The BLM assessed potentially available and eligible acreage in Alabama, Colorado, Montana, Nevada, New Mexico, North Dakota, Oklahoma, Utah and Wyoming. It began analyzing 646 parcels on roughly 733,000 acres that had been previously nominated for leasing by energy companies. As a result of robust environmental review, engagement with Tribes and communities, and prioritizing the American people’s broad interests in public lands, the final sale notices will offer approximately 173 parcels on roughly 144,000 acres, an 80 percent reduction from the acreage originally nominated.

I wonder .. (1) how did the social cost of carbon and emissions “provide important context”? Will some leases emit less carbon that others?

(2) It seems like they’re controversial (to say the least) among folks that were promised no new leases. But they are all EAs.. so again, what makes something controversial? Will folks litigate them, and they will have to go back and do EIS’s and tell the judge who thinks they should be leasing that they’ve tried, but they’re tied up in court?

(3) Can Interior pick royalty rates for each lease sale? Because it seems like that could go either way, a future Admin could lower them. It just seems like it should be perhaps a rulemaking kind of thing (with some of the other improvements in the report). But I’m not familiar with the legalities.

I suppose folks who are against onshore leasing will have to decide if the Admin picked a good way to honor the legal decision and also protect the environment, or they’re going to argue that they didn’t go far enough. Should be interesting to observe.

3 thoughts on “Interior Announces “Significantly Reformed” Oil and Gas Lease Sales”

  1. No surprise that this holiday weekend has lots of federal actions. Time-honored tactic to issue difficult news late on a holiday Friday. Note DOI “buried the lede”- yes they are putting lands up for lease but have reduced the average nominated by 80% and raising the royalty from 12.5 to 18.75%. This at a time when the President seeks more oil and gas to lower prices and assist Europe in stopping O& G imports from Russia. So late on Passover and Good Friday for that decision makes sense for Biden administration. What are ENGOS saying: betrayal of a Biden campaign promise. CBD helpfully gathers ENGO quotes for use by media:

    • Not to make too fine point of it, but many Christian types were at a service this very afternoon. And many Jewish folk were getting ready for Seder this evening.

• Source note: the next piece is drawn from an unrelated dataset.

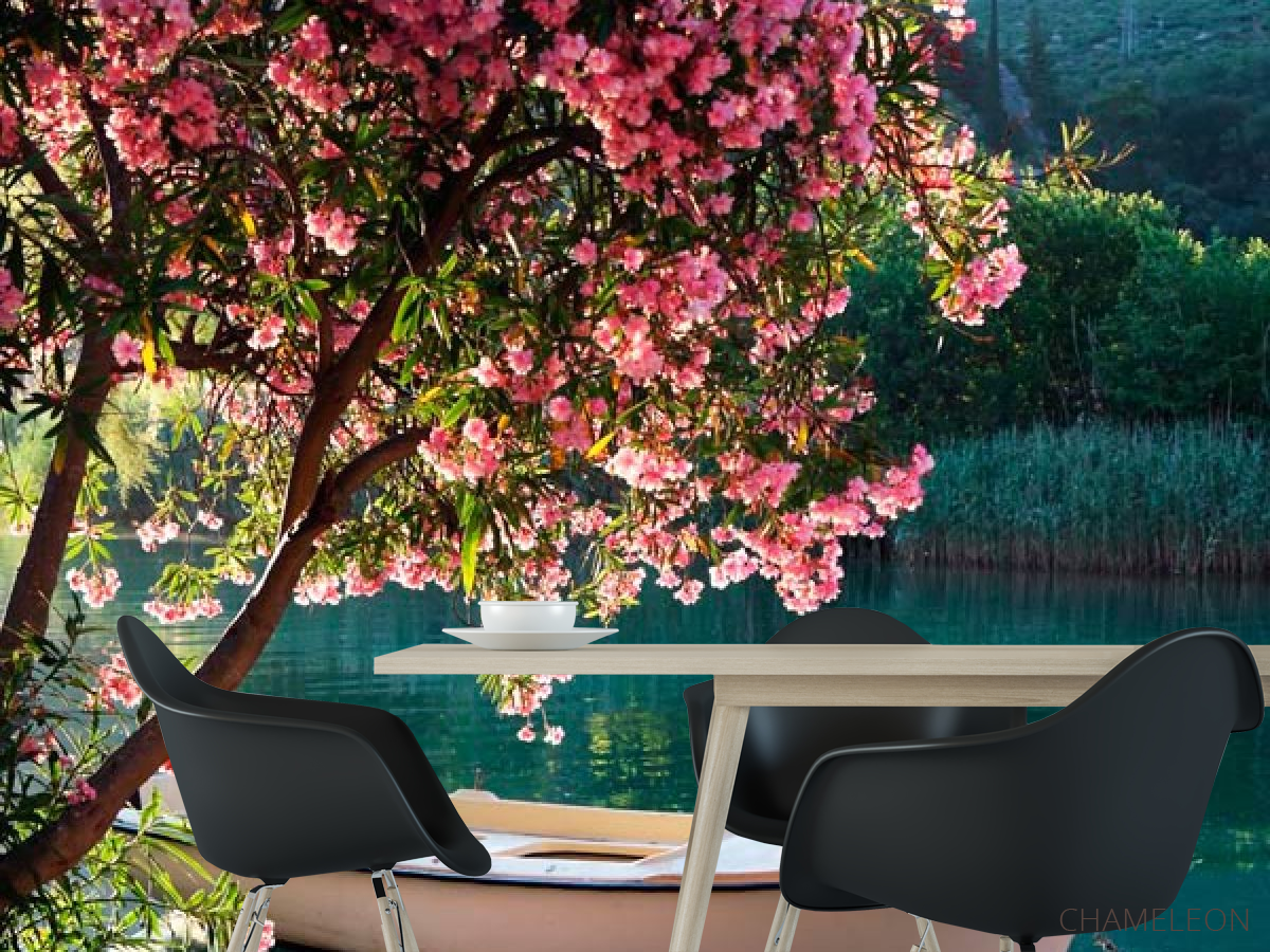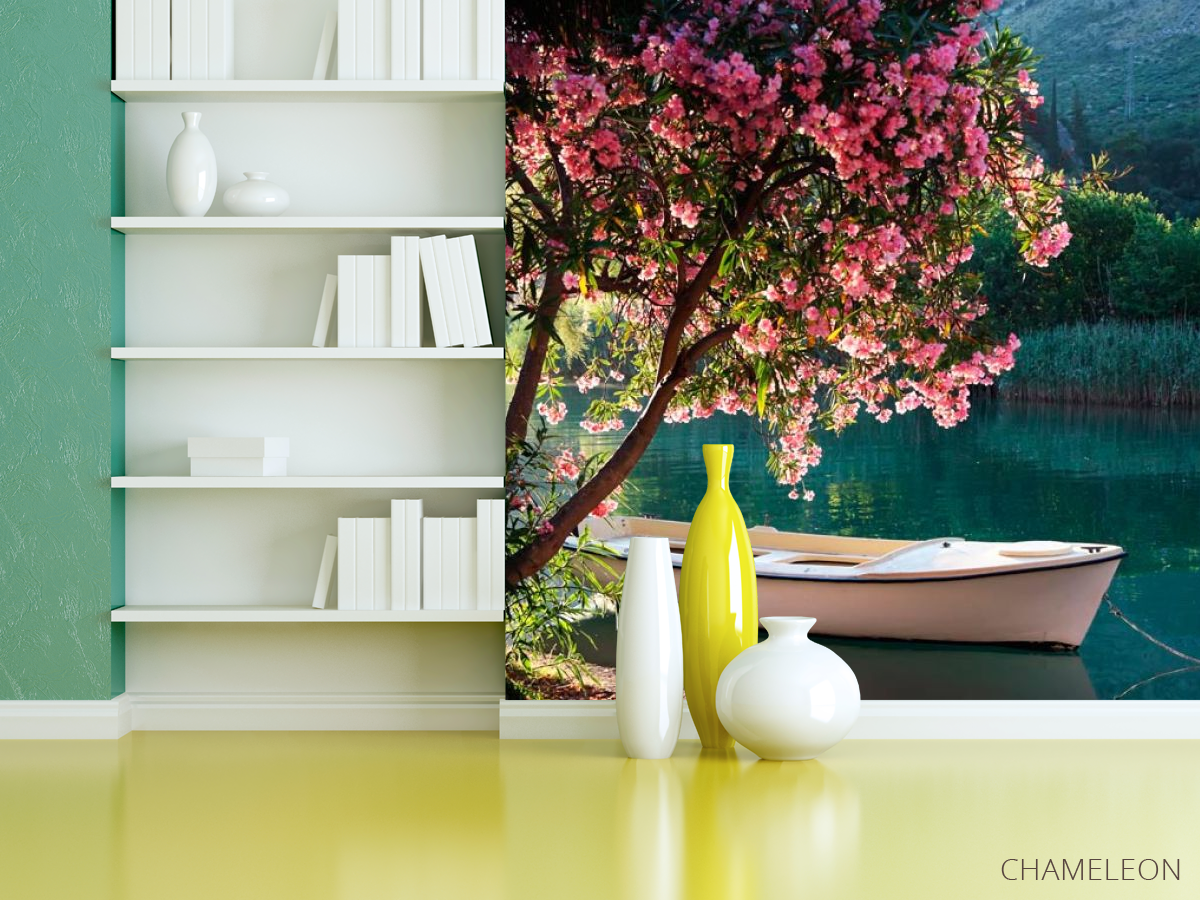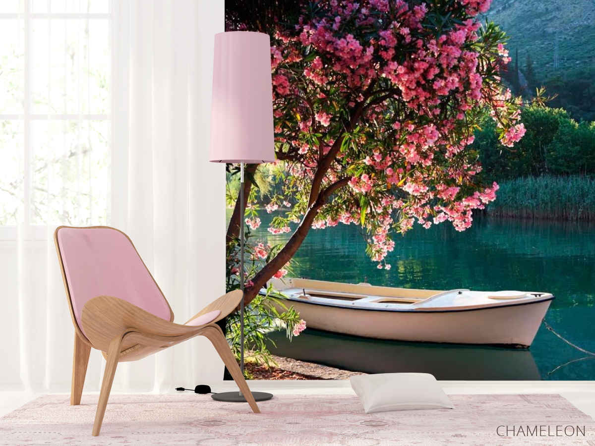 Фотошпалери Човен, берег, квіти

      And this WaPo story only quotes CBD.. of course they were in a hurry and probably no one else was around. Still, there are more relevant views than the Biden Admin and CBD. The funny thing is .. we knew.. and CBD knew that the campaign promise was unlikely to work in practice. So this is basically political kerfluflery on their part. The Prez is not doing what everyone in the biz (you, me, the CBD) knew he couldn’t legally do.

  2. (1) I believe the “social cost of carbon” is about where those costs occur and is closely tied to environmental justice considerations.

    (2) “Controversy” as a trigger for preparing an EIS has to do with the whether the analysis of environmental impacts is controversial, not how people feel about it.

    (3) Since the royalty rate of 12.5% is in 43 CFR §31033, I think that is a good question. The 18.75% figure was in the House passed Build Back Better Act, but we know where that went. It seems like it would be news if there were some other way this new rate was being adopted.

    Isn’t it a sign of success if the extremes both disagree with your decision?